This is big, these algorithms are useful for a ton of things (and can get very expensive in big sets)
The Osmand/Organic Maps devs know about this?
It’s not that useful for them. This is for calculating the shortest path from a single source to all other vertices in the graph, but for route finding you only need to know a single path.
Very cool! Looks like the paper is here: https://arxiv.org/abs/2504.17033
We care about your data, and we’d like to use cookies to give you a smooth browsing experience. Please agree and read more about our privacy policy.
At least they’re not hiding the fact that couldn’t care less about your privacy, and only care about your data. At least that…
This is awesome! I’m reading through their paper right now, and might try to implement it to see how it works in practice.
In case anyone’s curious, still working on it. It’s not as simple as something like Dijkstra’s algorithm.
What’s really interesting is the requirement that it seems to place on the graph itself. From what I can tell, the graph it wants to use is a graph where each node has a maximum in-degree of 2 and maximum out-degree of 2, with a total degree of no greater than 3. A traditional di-graph can be converted to this format by splitting each node into a strongly connected cycle of nodes, with each node in the cycle containing the in-edge and out-edge needed to maintain that cycle (with weights of 0) plus one of the previous edges.
Theorerically, this invariant can be held by the graph data structure itself by adding nodes as needed when adding edges. That’s what my implementation is doing to avoid having the cost of converting the graph each time you run the algorithm. In this case, one of these node cycles represents your higher level concept of a node (which I’m calling a node group).
The block-based list is also interesting, and I’ve been having trouble converting it to a data structure in code. I’m still working through the paper though, so hopefully that isn’t too bad to get done.
Guess I’ll post another update. The block-based data structure makes no sense to me. At some point it claims that looking up a pair in the data structure is
O(1)
:To delete the key/value pair ⟨a,b⟩, we remove it directly from the linked list, which can be done in O(1) time.
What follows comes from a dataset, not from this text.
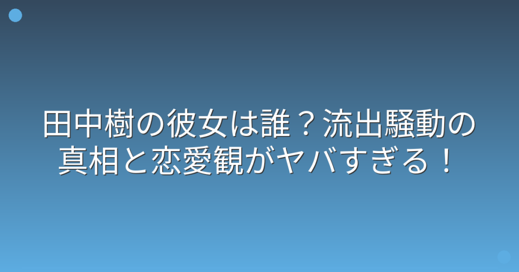 SixTONESの田中樹さんの恋愛事情が、ファンの間で大きな注目を集めています。 特に2023年に起きたプライベート写真の流出騒動は、大きな話題となりました。 そこで今回は、田中樹さんの彼女や恋愛に関する最新情報を、詳しくお伝えしていきましょう! 田中... -

This has me very confused. First, it doesn’t explain how to find which linked list to remove it from (every block is a linked list, and there are many blocks). You can binary search for the blocks that can contain the value and search them in order based on their upper bounds, but that’d be
O(M * |D_0|)
just to search the non-bulk-prepended values.Second, it feels like in general the data structure is described primarily from a theoretical perspective. Linked lists here are only solid in theory, but from a practical standpoint, it’s better to initialize each block as a preallocated array (vector) of size M. Also, it’s not clear if each block’s elements should be sorted by key within the block itself, but it would make the most sense to do that in my opinion, cutting the split operation from
O(M)
toO(1)
, and it’d answer howPULL()
returns “the smallest M values”.Anyway, it’s possible also that the language of the paper is just beyond me.
I like the divide-and-conquer approach, but the paper itself is difficult to implement in my opinion.
Super interesting; I wonder whether the fraction of nodes that need to be represented by cycles eats into the performance benefit vs. other approaches.
This might be a stupid question but I have just some limited experience with sorting algorithms and was wondering something: could some algorithm like this be improved specifically for multi-threaded processing? I mean, an algorithm that is generally NOT the best option with a single thread, become better than other algorithms when it can delegate part of the work to different threads?
Perhaps something that runs the same algorithm on several threads, each starting at a different point of the map, but sharing their findings with the other threads?
Algorithms can be designed for multithreading yes. Divide and conquer algorithms, like this one, break the problem into independent chunks, and a map reduce on that work can force it to be done across multiple threads.
The real question is whether you gain anything from it. Creating a thread and sending data back and forth has a cost as well, and it’s usually a pretty big one relative to the work being done.